The CD45+ leukocyte response in 30-hour post-Iso hearts reflected the same trends as acute injury area. While C10 hearts showed no significant reduction in CD45+ area with losartan, mdx hearts showed a 38% reduction in the prevalence of CD45 after losartan treatment, resulting in CD45 levels that are not different from those observed in wild type hearts (Fig. 5D). Interestingly, CD68+ macrophages showed a different trend, with a significant 53% reduction in total CD68+ area in C10 hearts treated with losartan, despite no change in total injury area or total leukocyte infiltration (Fig. 5E). Dystrophic hearts also showed a trend toward a proportionately larger CD68 decline with losartan, with 56% lower CD68 compared to only 38% reduction in CD45. These declines in CD68+ area appeared to manifest in both lesion and non-lesion areas in hearts of both strains, suggesting that the overall immune profile of these mice may have shifted as a consequence of AT1R blockade (Fig. 5E).

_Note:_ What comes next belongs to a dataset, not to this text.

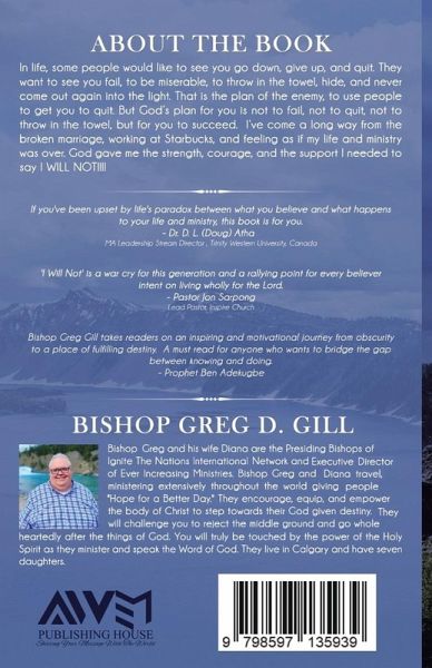 In life, some people would like to see you go down, give up, and quit. They want to see you fail, to be miserable, to throw in the towel, hide, and never come out again into the light. That is the plan of the enemy, to use people to get you to quit. But God's plan for you is not to fail, not to quit, not to throw in the towel, but for you to succeed. I've come a long way from the broken marriage, working at Starbucks, and feeling as if my life and ministry was over. God gave me the strength, courage, and the support I needed to say I WILL NOT!!!!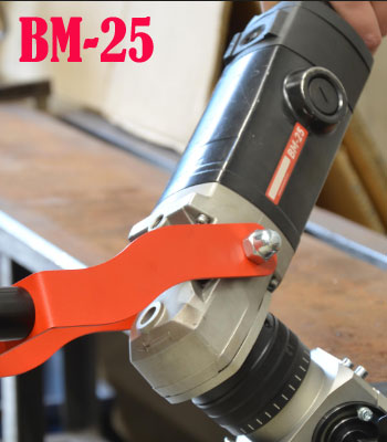 Máy vát mép thép tấm BM-25 JEI - Promotech thiết kế kiểu cầm tay dùng điện 220V, chuyên dùng vát cạnh để hàn ghép nối. đường vát rộng, lớn nhất là 25mm, độ sâu đường vát lớn nhất là 12.5mm, điều chỉnh góc vát khuyến cao 150-750 .

Representative images, highlighting lesion-positive areas in hearts of both strains, demonstrate the visibly reduced prominence of CD68+ cellular infiltrates in losartan-treated groups (Fig. 5F).

4. DISCUSSION

Dystrophic cardiomyopathy is a progressive disorder in which the accumulation of lesions results in extensive fibrosis and global cardiac dysfunction. One major goal of the present study is to characterize myocardial injury in the dystrophic heart and the response to this injury over time. The cardiac injury protocol detailed here, resulting in a scattered distribution of myocardial lesions sustained secondary to increased workload on the heart, represents a physiologically relevant approach for modeling the injury that a dystrophic patient’s heart might sustain during surgical procedures or other severely stressful events. This applicability is underscored by reports of elevated cardiac troponin I in DMD and Becker muscular dystrophy (BMD) patient serum [49,50], aligning with our observation of elevated cTnI in the serum of mdx mice following Iso-induced cardiac damage. Isoproterenol’s well-characterized actions, ease of handling, and specificity for β-adrenergic receptors result in a simple and reproducible adrenergic stress model that can provide a reliable basis for evaluation of cardiac therapies. In addition to its utility in evaluating acute injury prevention as demonstrated here, this Iso-based injury model also provides quantifiable readouts for therapies that may target fibrosis or immune infiltration, broadening its applicability.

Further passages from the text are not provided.